**Task description:**
Begin at the line containing "MOC Military F-22" and restate it and each line after it exactly, up to and including the last line below. Leave pictures out.

Material provided: Begin

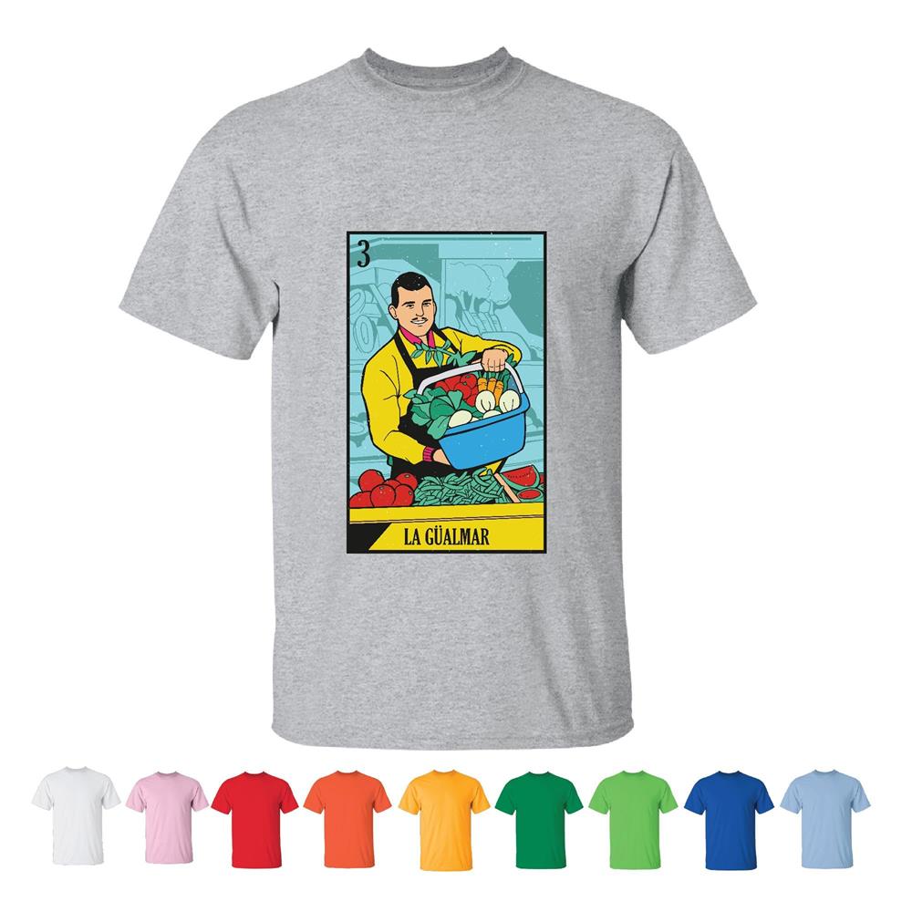 Mexican Lottery Card Gift for Cultural Enthusiasts with Veggies Inside Men Women White Gray T shirt
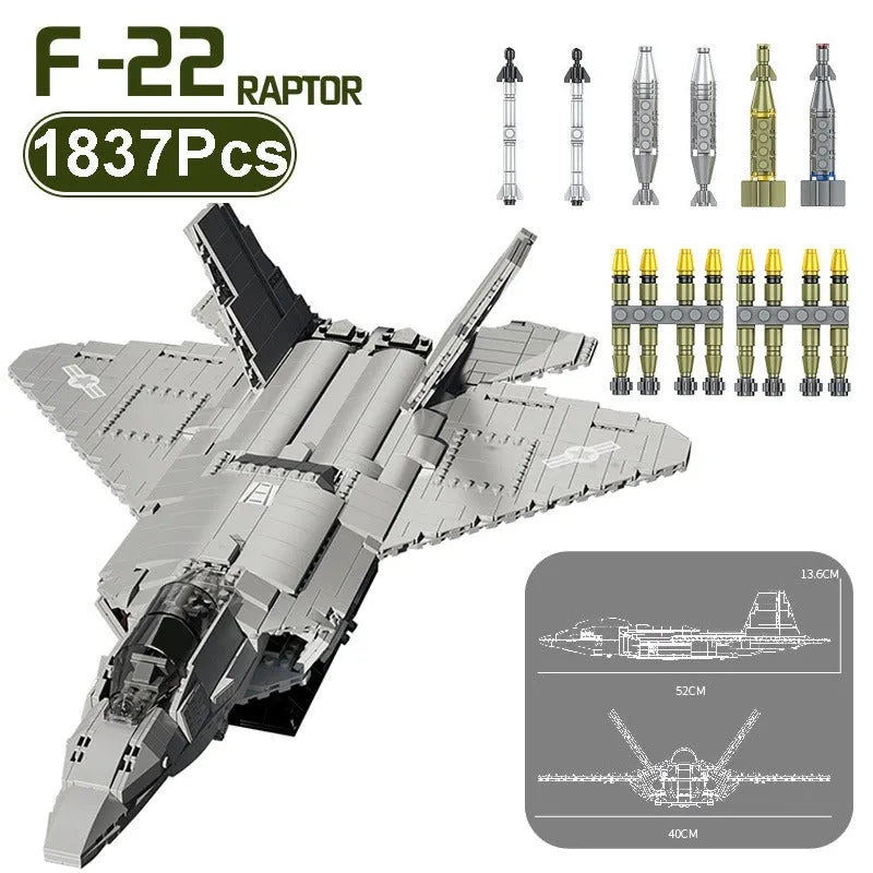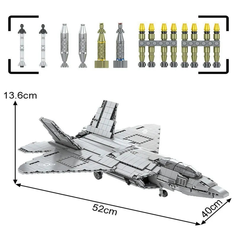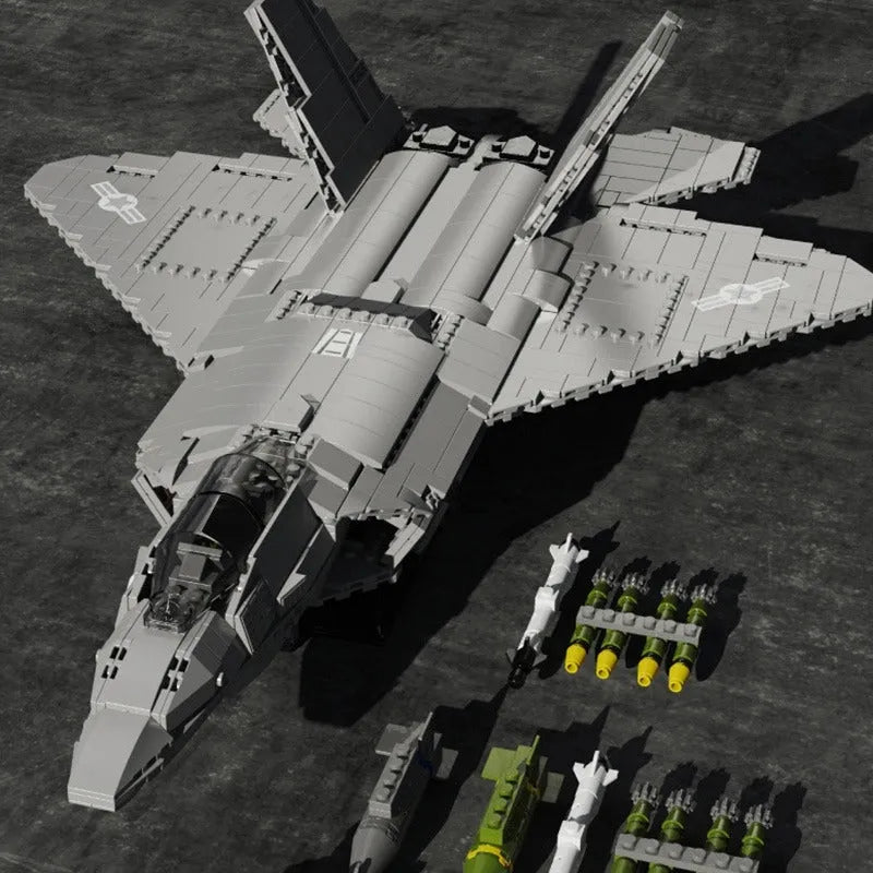 MOC Military F-22 Raptor Stealth Aircraft Bricks Toy
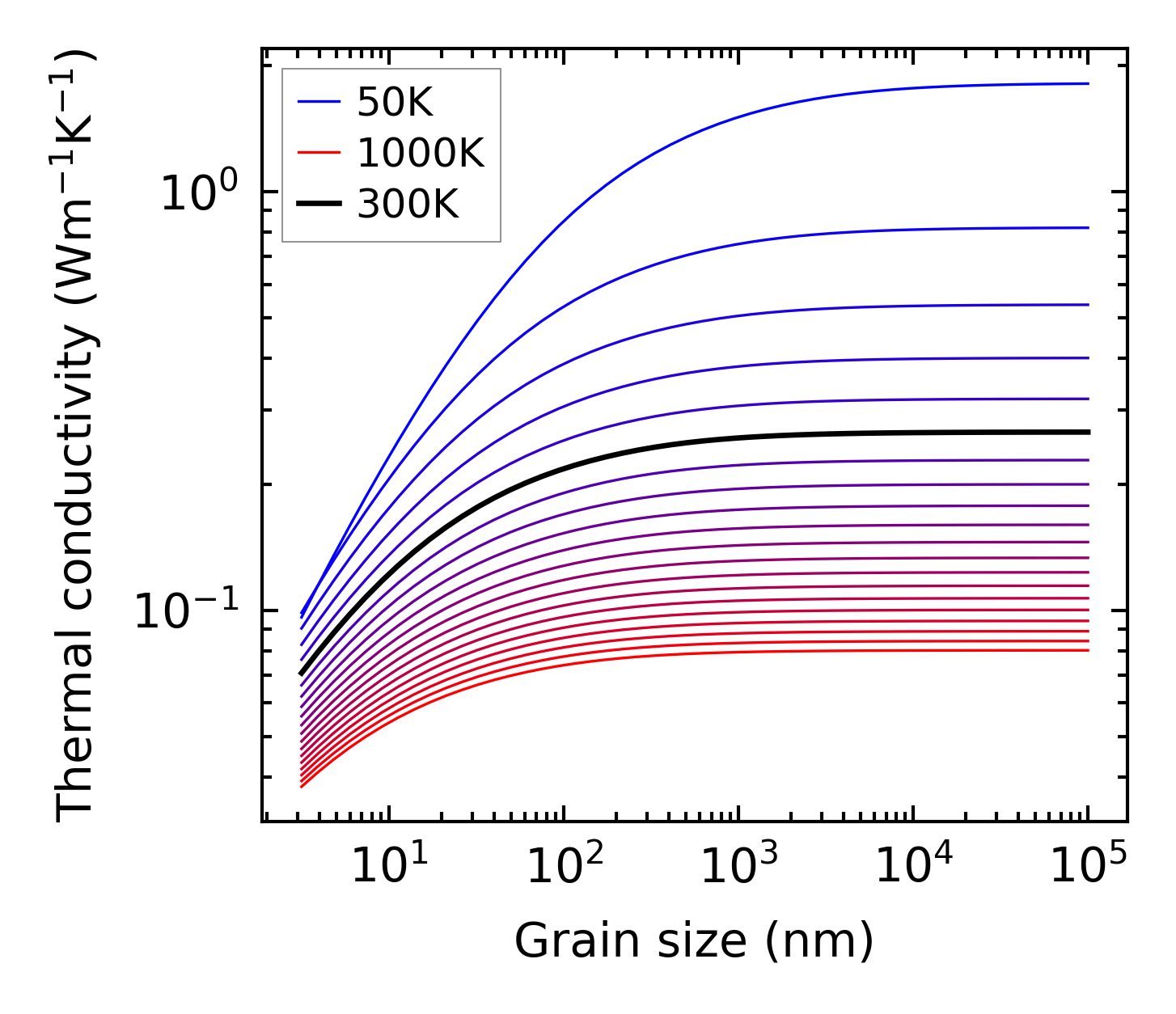 (b) Peierls lattice thermal conductivity w.r.t grain size
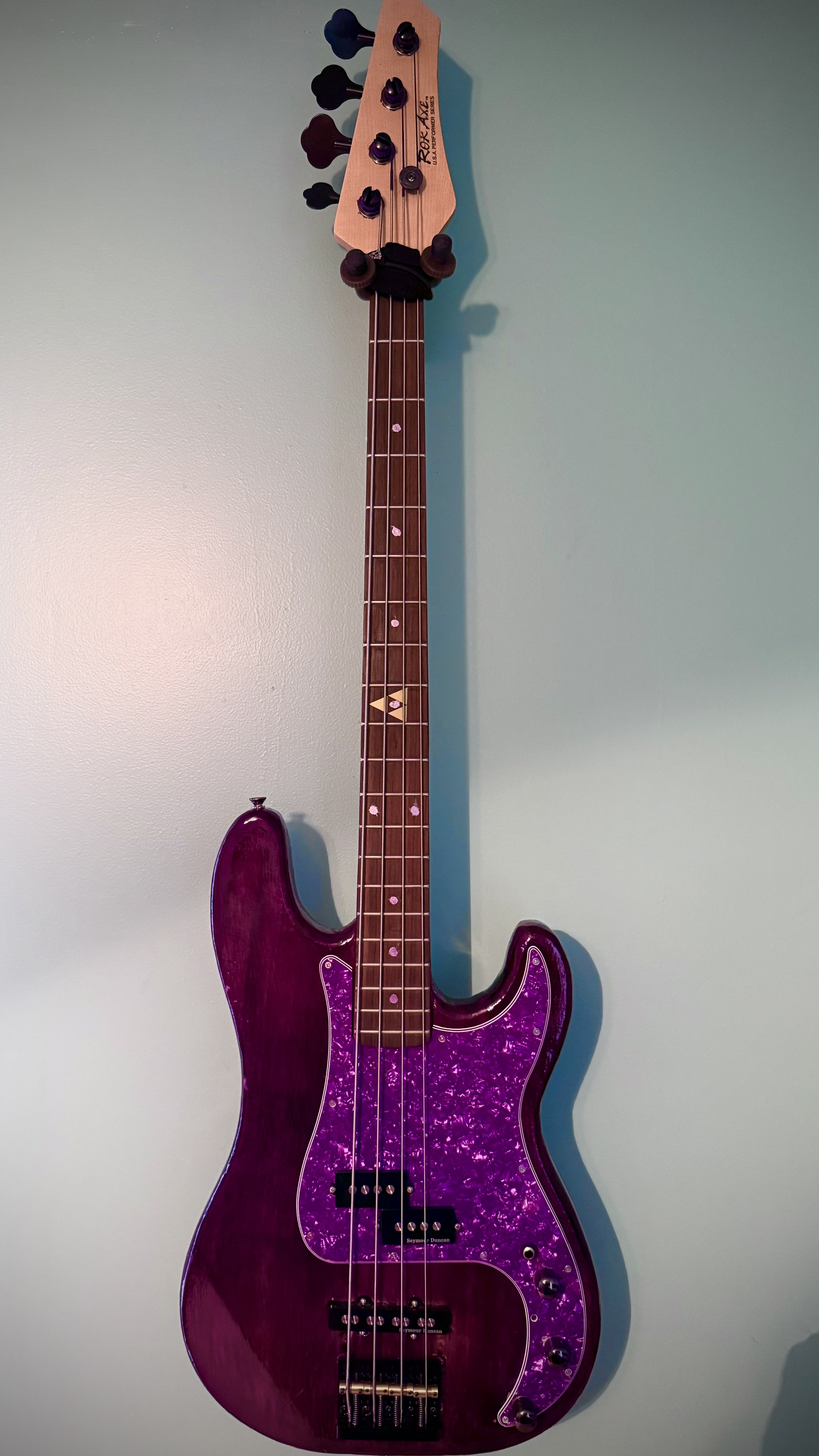 This is purple haze. First bass I ever bought and was in rough shape. I’ve turned it into my learning bass on how to do repairs. I removed the puke green paint, stained her purple, new hipshot tuners, new nut, new bridge, new 1/4 pound Seymour Duncan pick ups, with ghs flatwounds.

Material provided: End

**Result below:**
 MOC Military F-22 Raptor Stealth Aircraft Bricks Toy
 (b) Peierls lattice thermal conductivity w.r.t grain size
 This is purple haze. First bass I ever bought and was in rough shape. I’ve turned it into my learning bass on how to do repairs. I removed the puke green paint, stained her purple, new hipshot tuners, new nut, new bridge, new 1/4 pound Seymour Duncan pick ups, with ghs flatwounds.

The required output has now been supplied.